As I've mentioned before, the borders of the countries in the Balkans have been fluid during the last 100 years and have changed many times. The present border between Greece and Macedonia (known formally by the name the Former Yugoslav Republic of Macedonia ((FYROM) in the UN because of the dispute) was drawn after WWII. Thousands of Slavic Macedonians were expelled from the Greek side of the line - the politics were running hot and heavy because Tito wanted to establish legitimacy for Yugoslavia and the Allies wanted to keep Greece from going over to the Communists. Even the name of Thessaloniki, the second largest city in Greece, has been changed from Saloniki to Thessaloniki to represent that it was now in Greece.
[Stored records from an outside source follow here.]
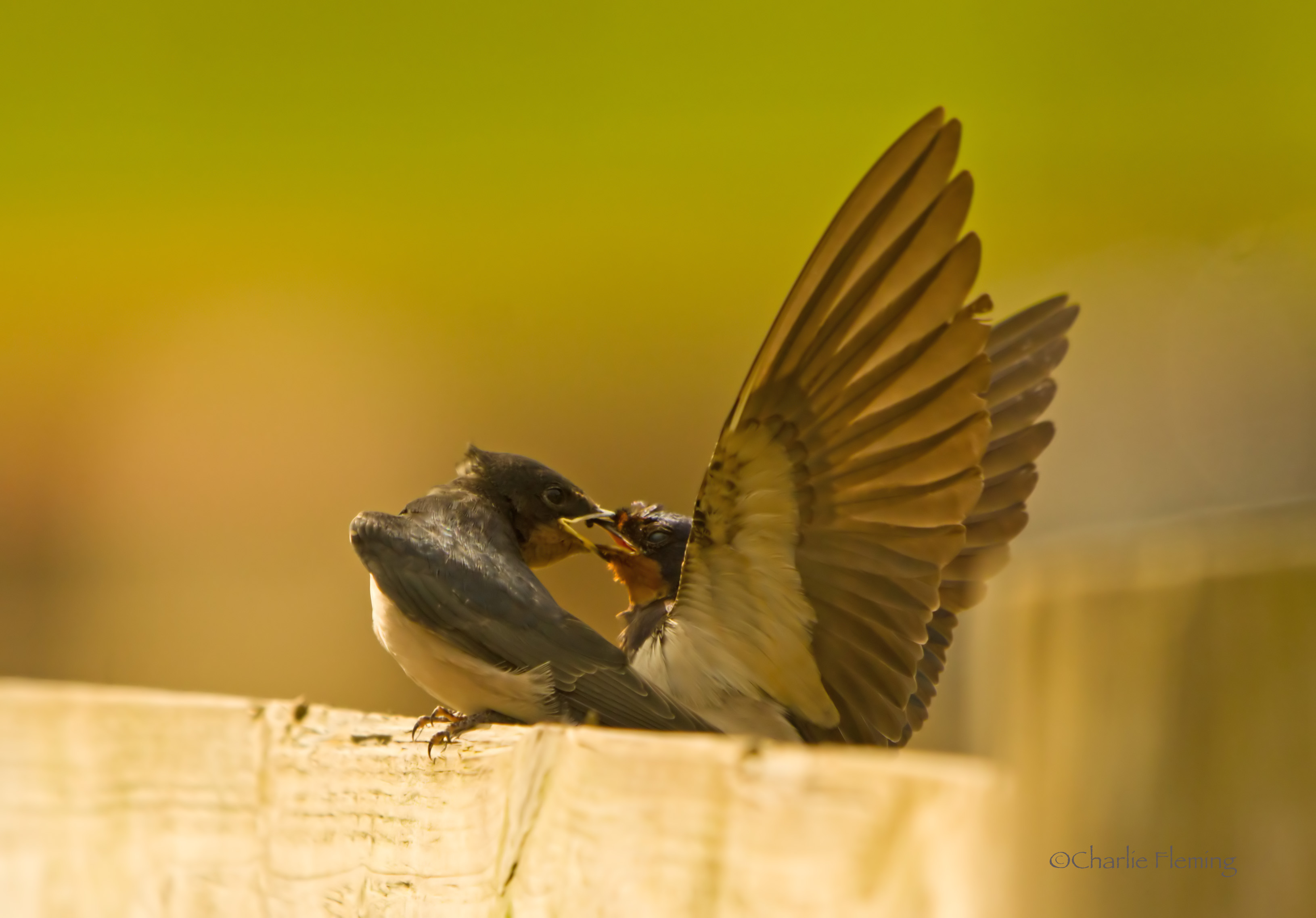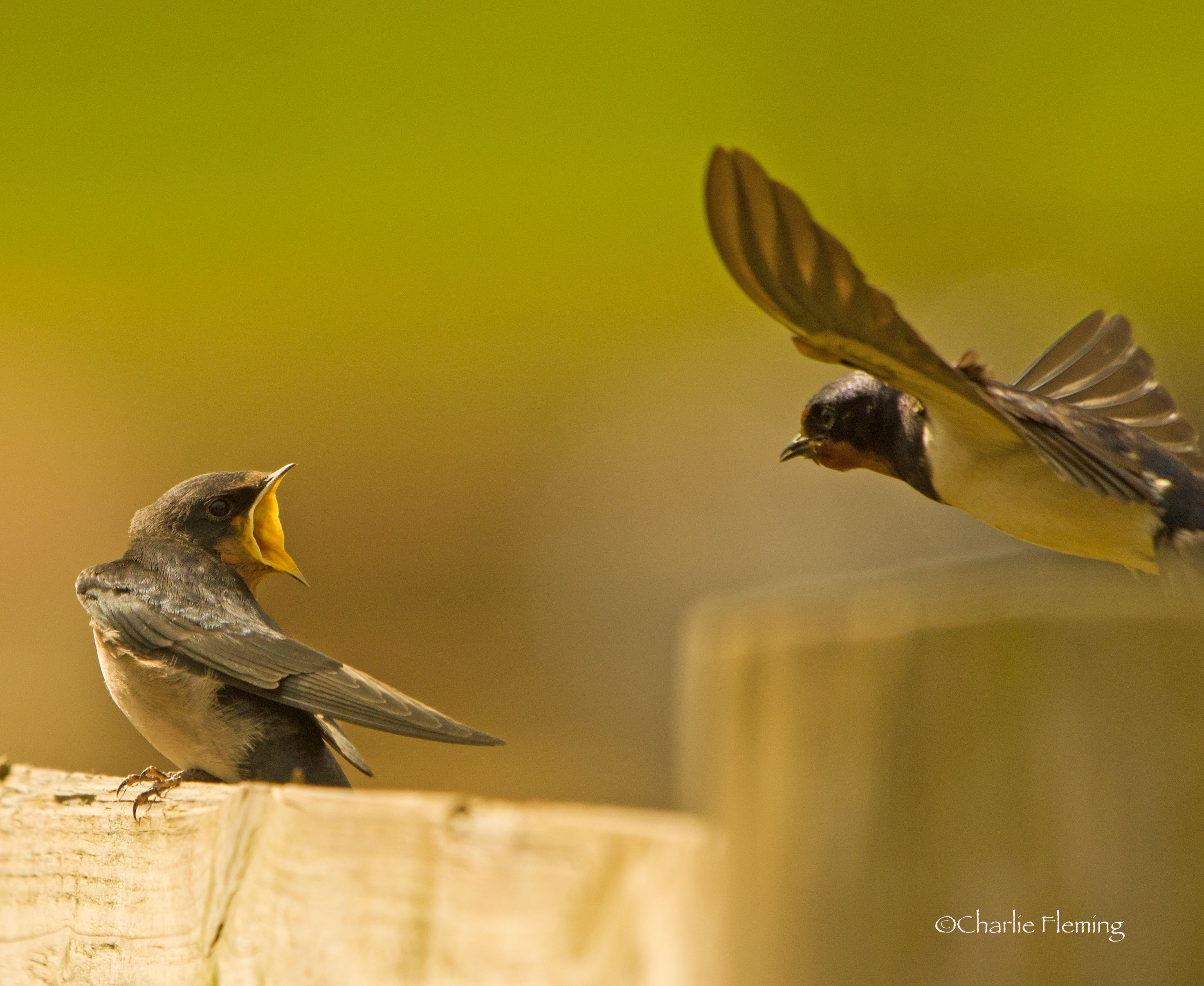 As you may be aware, I always try with my photos to put the viewer right there amongst the action and to try and photograph in a way that shows something that perhaps happens so quickly that it goes unnoticed. This series of a young swallow being fed by its parent is one of those moments. It is something that I have seen very regularly and when I knew that Swallows were nesting in numbers nearby at the local riding stables, I was looking forward to them leaving the nest. I even predicted where the youngsters would perch and wait for the parent to come and feed them. I have been visiting the stables regularly just to see how the nests were progressing and I knew that I would get the chance sooner or later. I scanned the fences constantly this afternoon and suddenly there was a young swallow waiting patiently. Using one of the posts as a rest for the camera, I took a few photos and then waited for the parent to bring food and as the youngster was fed I managed a few shots.
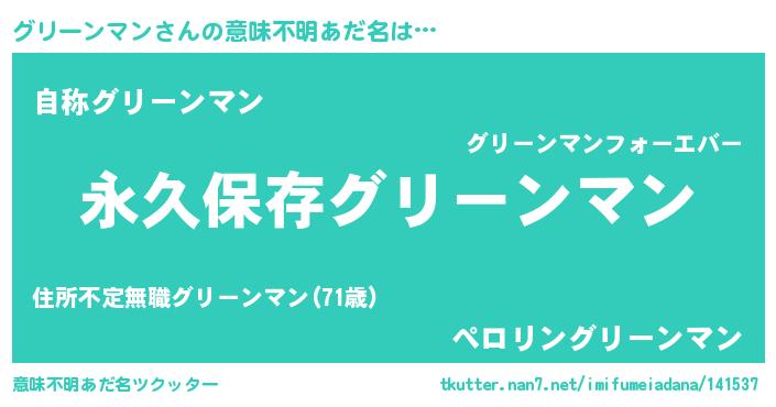 | 男性向けラノベタイトル風あだ名 | 『グリーンマンという概念が存在しない退屈な世界 』 |
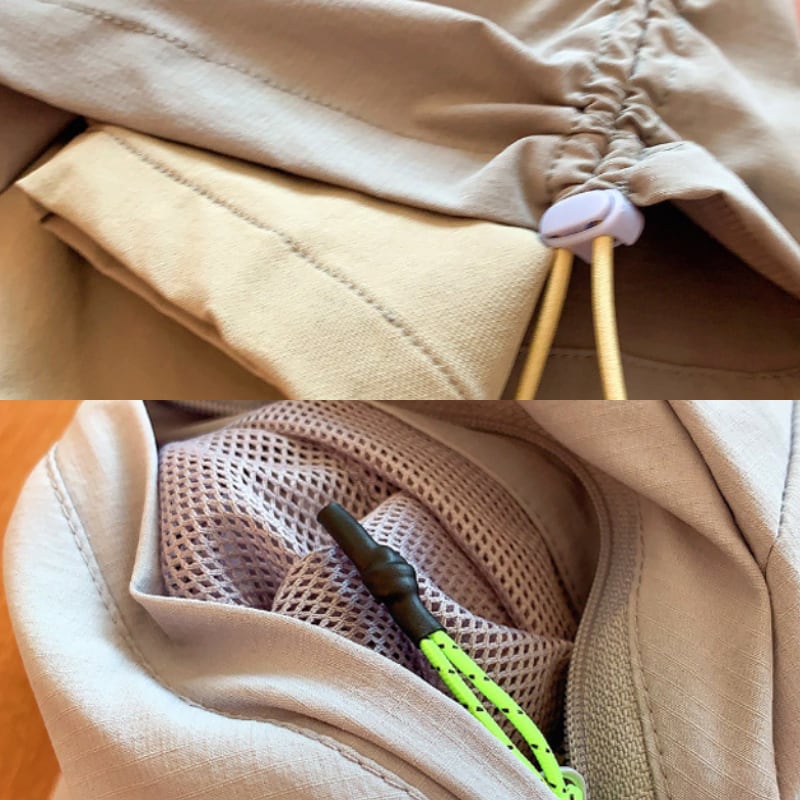 サイドのドローコードで丈感やシルエットを調整でき、スタイルに合わせた着こなしができます。
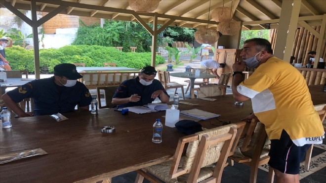 İzmir'in Çeşme ilçesinde yeni tip koronavirüs (Kovid-19) tedbirleri kapsamında ekiplerin denetimleri sürüyor.
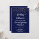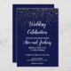 Este convite de celebração de marinho e confete de ouro é perfeito para um casamento simples e elegante. O design apresenta faux gold glitter confetti em um fundo azul marinho com caligrafia branca clássica. QSD107
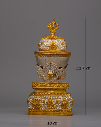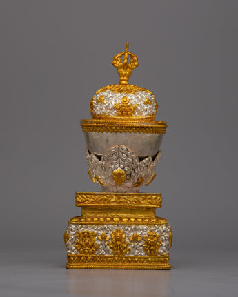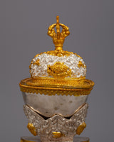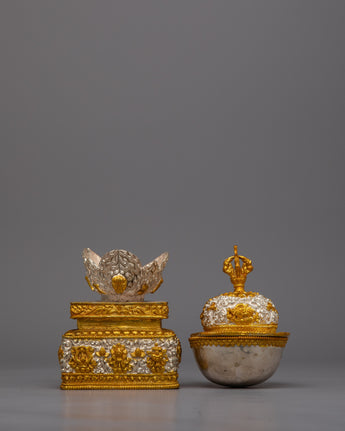 The Kapala set holds the nectar used for performing higher esoteric rituals. It offers liberation to gods and deities to ensure their devotion. It is said that the offerings will be transformed into the Wisdom Nectar, a liquid form of the Deity's Enlightened Mind.
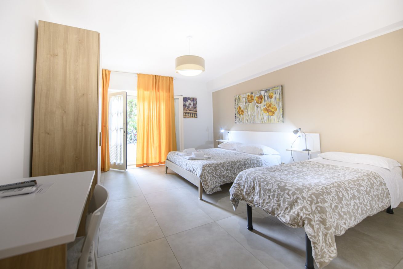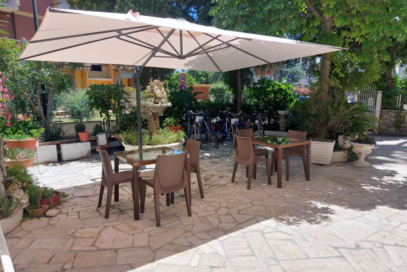 All’esterno, l’ampio giardino arredato è il vero plus: un angolo verde dove leggere, chiacchierare o fare colazione all’aperto. Per vivere al massimo la città e il lungomare, è disponibile anche il noleggio biciclette, pratico e divertente per raggiungere la costa in pochi minuti.
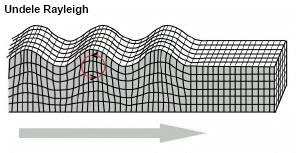 -Unda lui Rayleigh: ea a fost descoperita de John William Strutt Rayleigh in 1885. Miscarea ei este complexa, Asemanatoare ca acea unui pulbere purtat de un val, constituind o miscare verticala si orizontala.
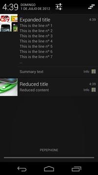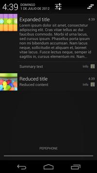 This application demonstrates the use and look of the new rich notifications introduced in Android 4.1 JellyBean.
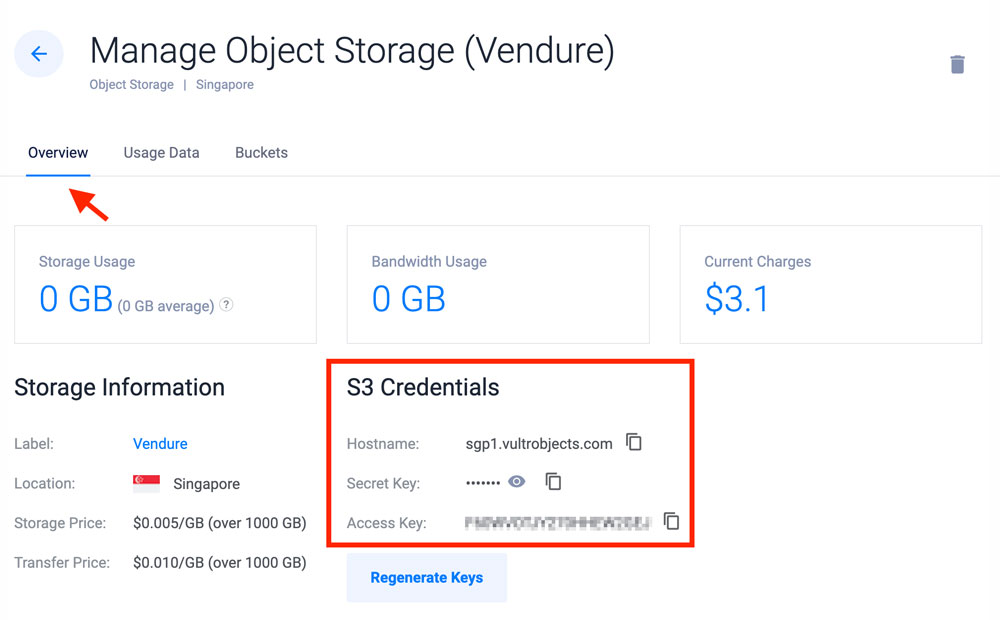 You can view your Vultr Object Storage details on the instance overview section
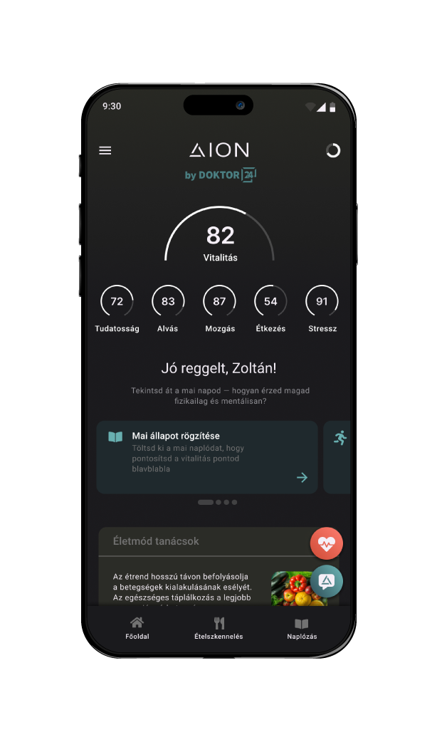 Az AION Sense egy átfogó digitális egészségplatform, amely különböző forrásokból — bioszenzorokból, vérvizsgálatokból, egyéb leletekből, valamint diétára és életmódra vonatkozó adatokból — gyűjti és elemzi az egészséget meghatározó kulcstényezőket, Doktor24 egészségügyi partnerünkkel együttműködésben.
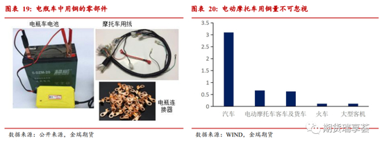在传统的分析中,交通中的铜消费主要是指各类汽车和客车,但近几年电动摩托车的出口增速较快,容易被忽视。2019年汽车出口的耗铜量在3.09万吨左右,客车出口用铜在0.63万吨。在这次的研究中我们覆盖了被忽视的其他交通工具,一是电动摩托车(脚踏车),2019年出口1334万辆,根据废品回收站的调研,单辆电动车用铜线约0.5-0.8KG,以此保守估计用铜量约为0.67万吨。
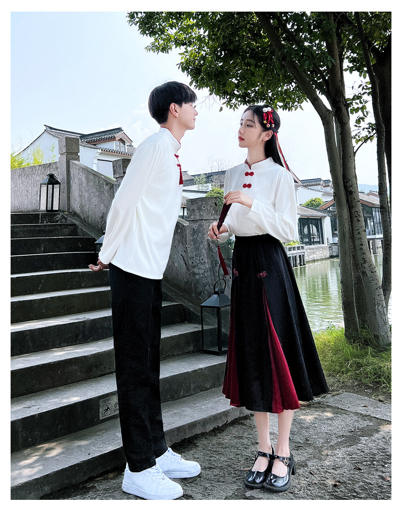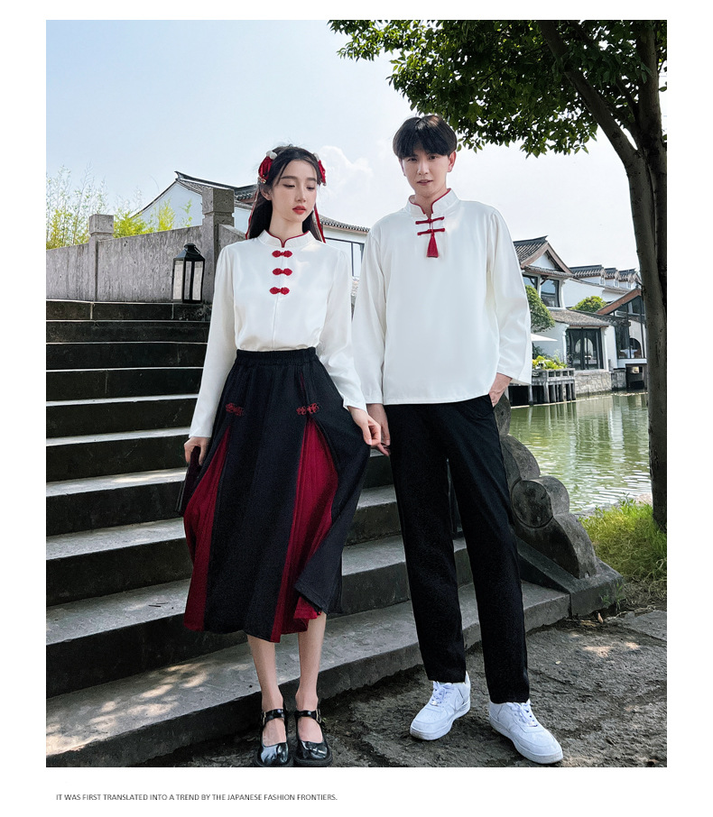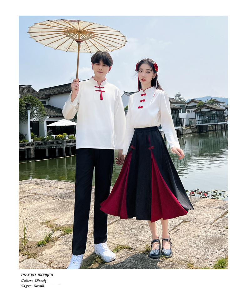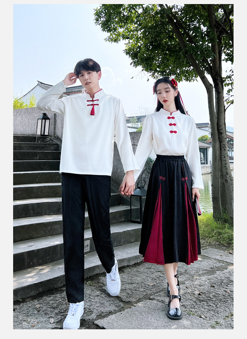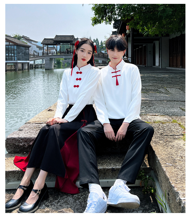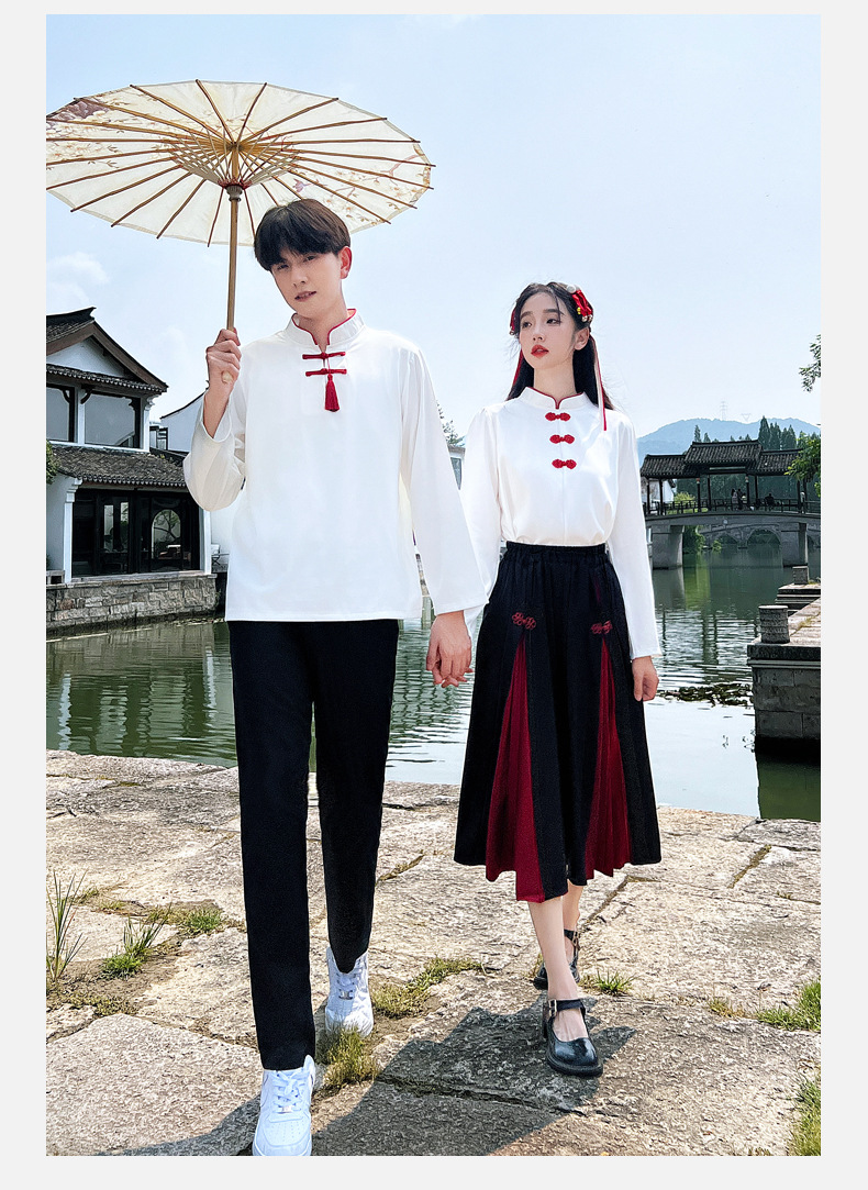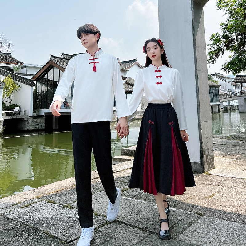 내셔널 스타일 가을 커플 개선 된 버클 고대 스타일 졸업 사진 무대 유니폼 교복 학교 유니폼 스커트 스탠드 칼라 셔츠를 입습니다.스토어 가기

So while the countries have coexisted peacefully for many, many years, there are still some tensions, and they come out over the use of the name Macedonia.

The train master above is from Negotino in Macedonia, where Tracy and I caught one of the last trains down to Thessaloniki - the run ended Jan. 1. The train was late - very common - and we had some time sitting with him in his office chatting as best we could in Macedonia. He started talking about the name issue - his name was Risto and how could anyone ask him to change his name? What right did the Greeks have asking the country to change its name? and so on. One thing Tito did was strengthen the Slavic Macedonian identity, and it worked - they are Macedonians! We then took the lovely ride down to Thessaloniki. We were to meet the people we were staying with at IKEA (yes, it's the same one) which was on the other side of town from the train station, so climbed on a bus. It was very crowded and uncomfortable for us with all our bags, so the minute we thought they announced IKEA we jumped off, even though we weren't certain it was what was said. Sure enough, it wasn't the right stop. I asked a very nice woman where IKEA was, and she told me to get back on the bus and continue a little way farther. She then asked me where I was from. "America", I said, "but I'm living now in Macedonia." "Where?" she asked, her eyebrow raising. "Macedonia," said I, in all innocence. "This is Macedonia, you are from Skopje," was her forceful reply. Oops. All throughout our visit, if we said we were from Macedonia we got strange looks and sometimes huffy responses. "We are all Macedonians - how can you take our identity?" Most of the Greeks referred to Macedonia as Skopje, which confused me for a while until I realized they weren't just talking about the town but the whole country. It was interesting to live the controversy and not just read about it.

Going to Greece was like stepping into a whole new world. The towns were gorgeous and not filled with communist functional gray buildings, and despite the economic woes it felt downright prosperous compared to Macedonia. The weather was warm and the Adriatic sparkled. Ahhhh! We stayed outside of town with a lovely, interesting couple - the other pictures above were taken on our walks around the countryside by their home. Across the valley that their home overlooked was Mt. Olympus - we were staying in the valley of the gods. It was a wonderful break from the gray, wintery glumness that had pervaded Macedonia. We met with officials from the American Farm School to talk about possible cross border collaboration - they want us to come back in March to discuss it more. By the way, as part of the Farm School, they have a college, Perrotis College, which has an exchange program with schools back in the States. College students can come, take classes on Greek civilization and culture and optional classes including the Greek Palate, hike Olympus, take a sailing trip out to an island - sounds like a wonderful opportunity. It was a great trip and we met such nice people - I hope we do return in March!